First, in autumn 2014, the Court of Justice decided in the Dano case that EU citizens, who want to take up residence in another Member State, and who are not workers or job seekers, cannot use the Citizens Rights Directive to secure the right of access to the social benefits system of the host Member State; they can be excluded both from residence and the right to equal treatment regarding access to social security.
On 15 September 2015, the Court further clarified in the Alimanovic case its position on EU job seekers. According to the Court, job seekers who are EU citizens may lose their right of residence and access to benefits in the host Member State if they become unemployed and their unemployment runs for longer than six months.
The Court states in its reasoning that the Citizens’ Rights Directive is very clear about the position of job seekers; an EU citizen who has previously been employed in a Member State is under the Directive entitled to benefits for only 6 months. The Member States can therefore limit the access to benefits after this period.

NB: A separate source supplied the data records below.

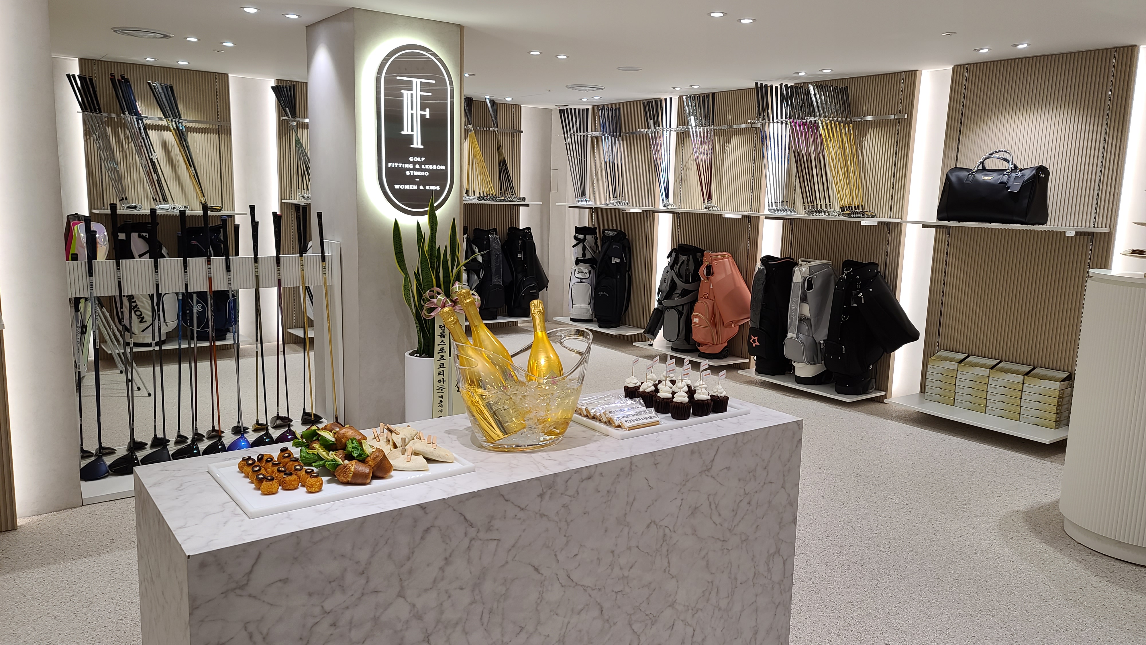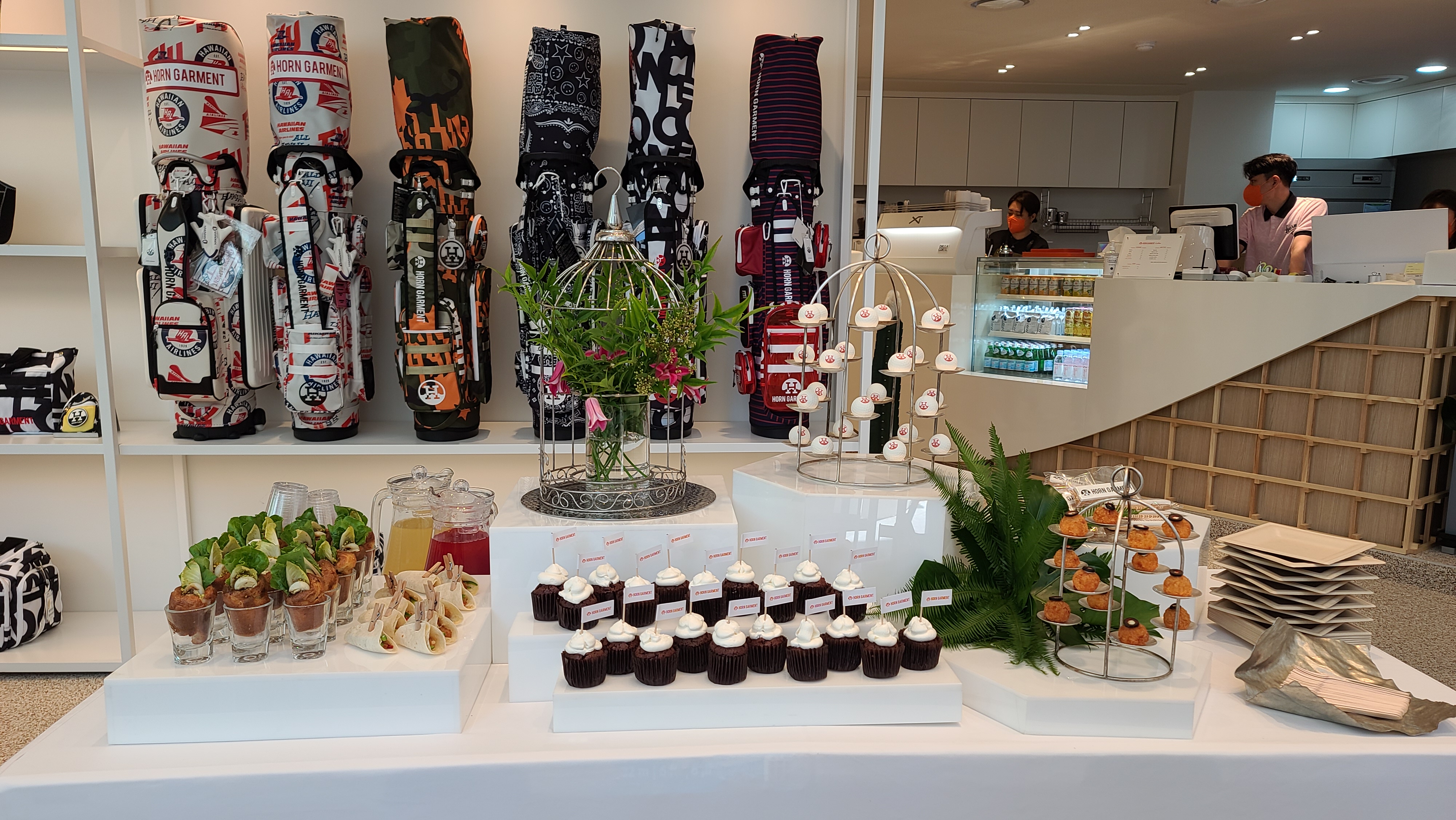 혼가먼트 청담점의 지하로 내려가면 골프클럽과 골프백 그리고 샤프트와 헤드를 상세하게 살펴볼수가 있도록 디자인 해놓은 모습입니다. 오픈행사여서 그런지 이쪽에서 다양한 음식과 고급스러운 샴페인을 세팅해 놓은 모습이 인상적입니다.
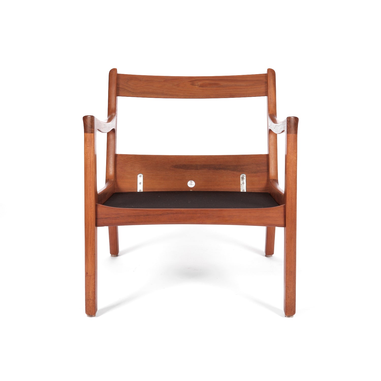 Sessel „Senator“ aus den 60er-Jahren von Ole Wanscher. Hergestellt in Dänemark. Gefertigt aus Teak. Höhe 82 cm, Breite 68 cm, Tiefe 76 cm.
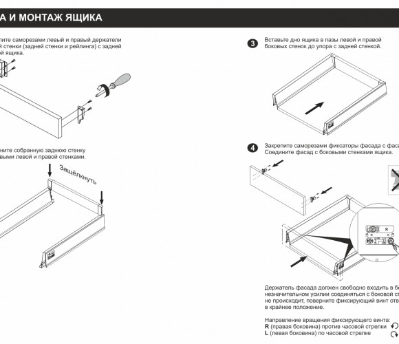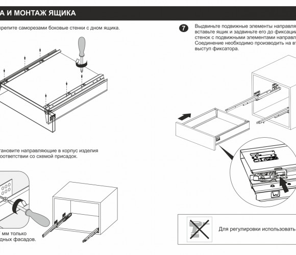 Для сборки выдвижного мебельного ящика на базе СТАРТ PUSH SB30 необходимо самостоятельно изготовить фасад, заднюю стенку и дно ящика.
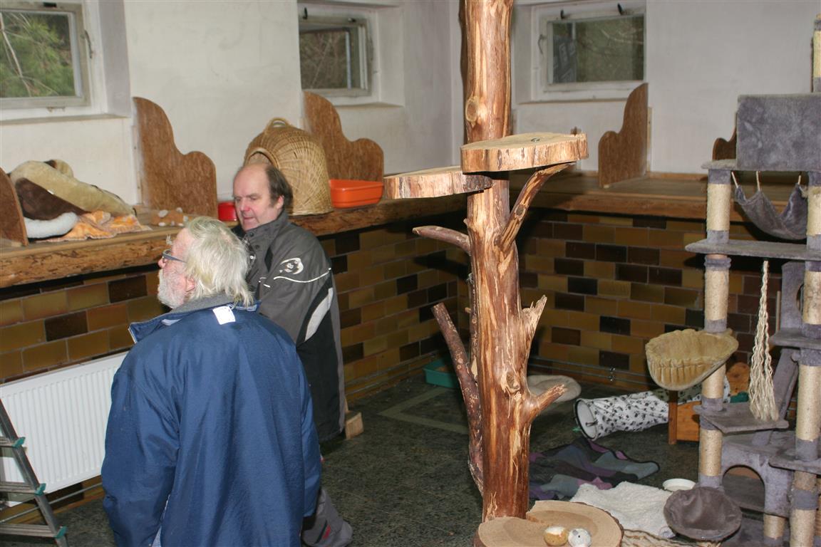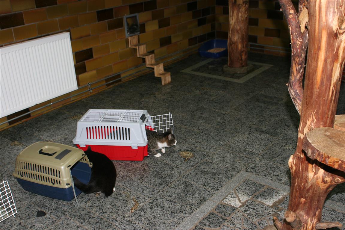 Im Anschluss bestückten wir alles neu: Körbchen, Decken, Kratzbäume, Toiletten, Futterschalen ...
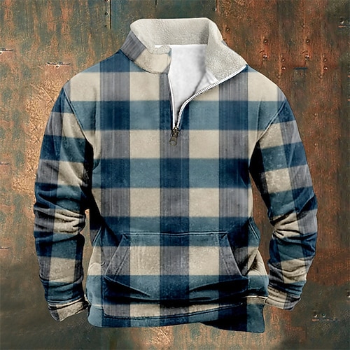 Per uomo Maglia Felpa in pile Felpa con zip corta Blu Arancione Marrone Cachi Marrone 2 Mezza zip Geometrico Plaid Zip a un quarto Sport Outdoor Quotidiano Ferie Poliestere Streetwear Essenziale
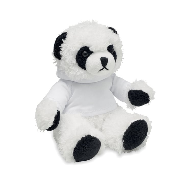 • Плюшено мече панда, облечено в пуловер с качулка.
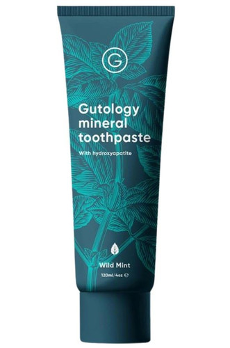 Gutology Toothpaste is a fluoride-free, microbiome-friendly toothpaste formulated with biomimetic hydroxyapatite, a mineral that mirrors natural tooth enamel. It supports enamel strength, remineralization, and a balanced oral microbiome without harsh additives.
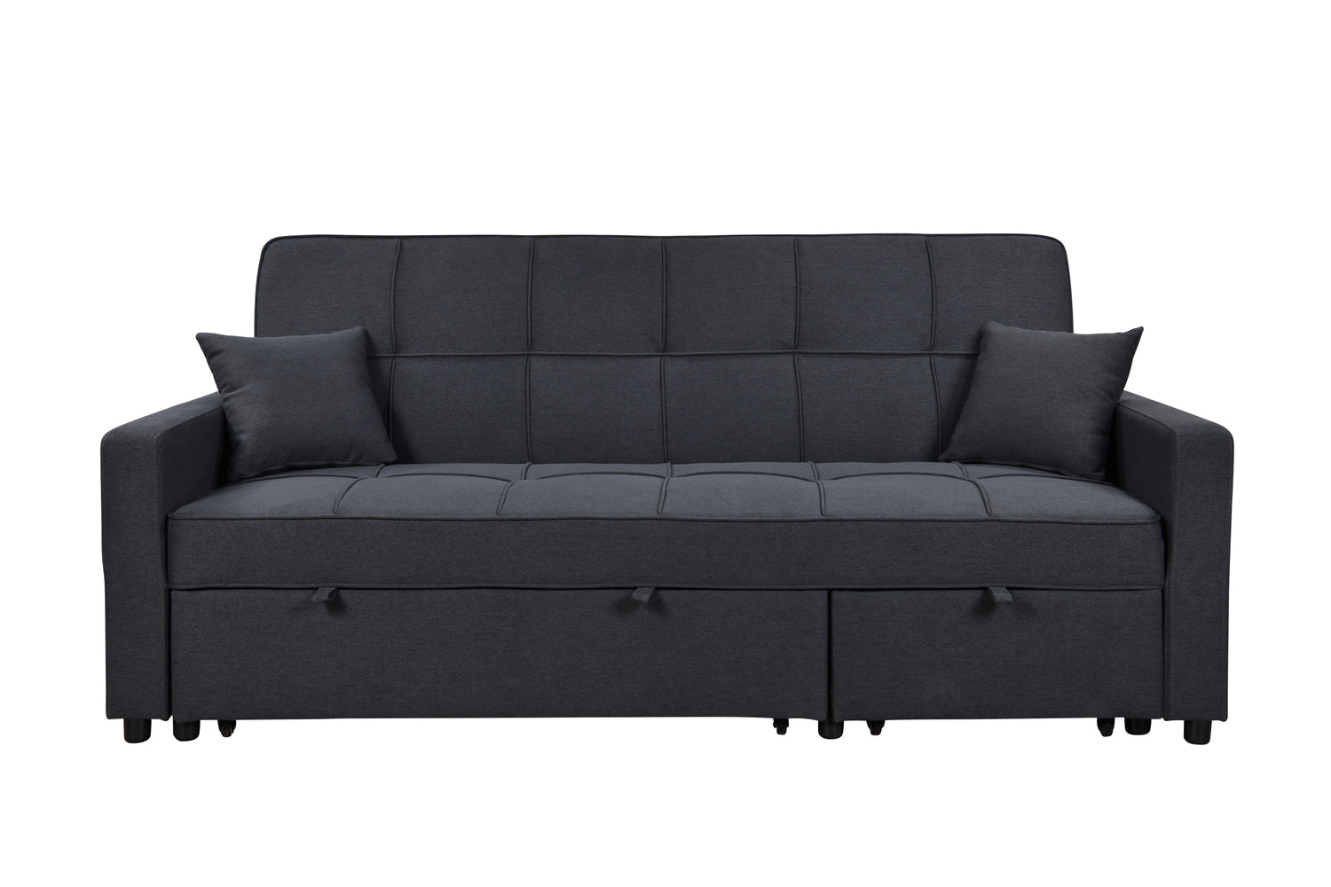 - CONVERTIBLE PULL-OUT SOFA BED:This sofa is equipped with 2 pull-out bed, which all can be pulled out with 2 auxiliary hand straps to easily and quickly convert the loveseat into a chaise longue or a sleeping bed. Not only can it meet your needs for watching TV, playing games, or taking a break, but it can also provide a place to stay for overnight friends. It is very practical for a limited small space.
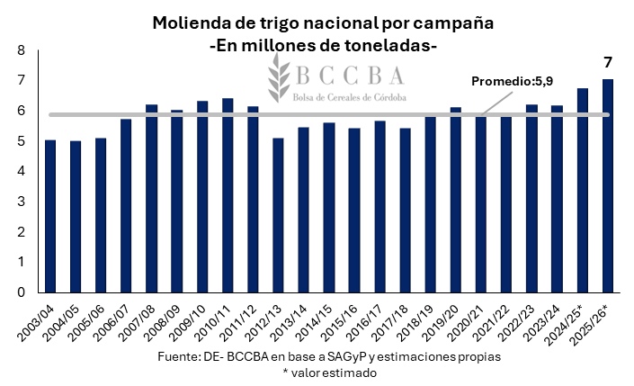 La molienda nacional de trigo muestra una sostenida estabilidad entre campañas, con un promedio cercano a 5,9 millones de toneladas anuales. Sin embargo, en los tres últimos ciclos se presenta una tendencia al alza, impulsada en principio por una mayor disponibilidad de grano para la industria. Para la campaña 2025/26, la molienda proyectada alcanzaría un récord de 7 millones de toneladas molidas.
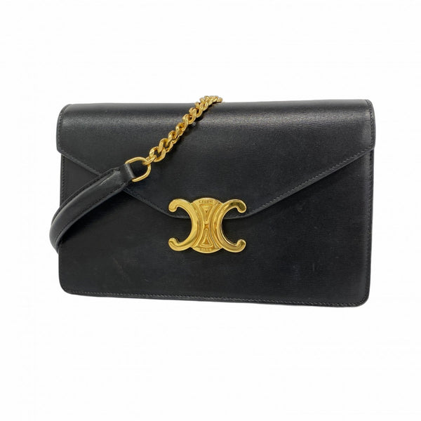 Celine Triomphe Margot Shoulder Wallet in Black Leather for Women
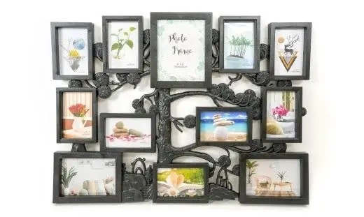 plastikowa ramka na 9 zdjęć 10 x 15 cm, 2 zdjęcia 13 x 18 cm i 1 zdjęcie 15 x 20 cm, wymiary ramki 57 x 75,5 cm, do zawieszenia
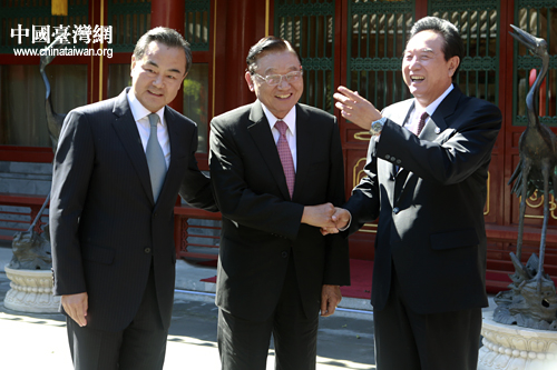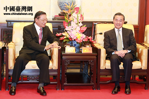 9月28日中午,中共中央臺辦、國務院臺辦主任王毅會見了臺灣;鶗岸麻L江丙坤。(中國臺灣網 陳佳慧 攝)

The Court highlighted as the secondary reason for its judgment that EU citizens cannot be a burden to the social security systems of the host Member State. It should be noted that the Alimanovic family had not stayed in the host Member State, Germany, long enough to attain permanent residence. It remains to be seen whether the case will be the same for those EU citizens who have lived and contributed to the host Member State’s social security system for five years.
On this note, on 6 October 2015 the Advocate General Cruz-Villalon gave his opinion on the Commission infringement proceedings against the UK on child allowances for children of EU workers where those EU workers are not resident in the UK. The Advocate General advised the Court to dismiss the proceedings and urged the Court to recognise that child allowances are part of the social security system that Member States can restrict to its own residents.
Cruz-Villalon also emphasised that even though this may be indirect discrimination, this is justified by the necessity of protecting the host Member State’s public finances, which is recognised in the Citizens’ rights framework as a valid reason for limiting social security benefits to the host Member States’ own citizens.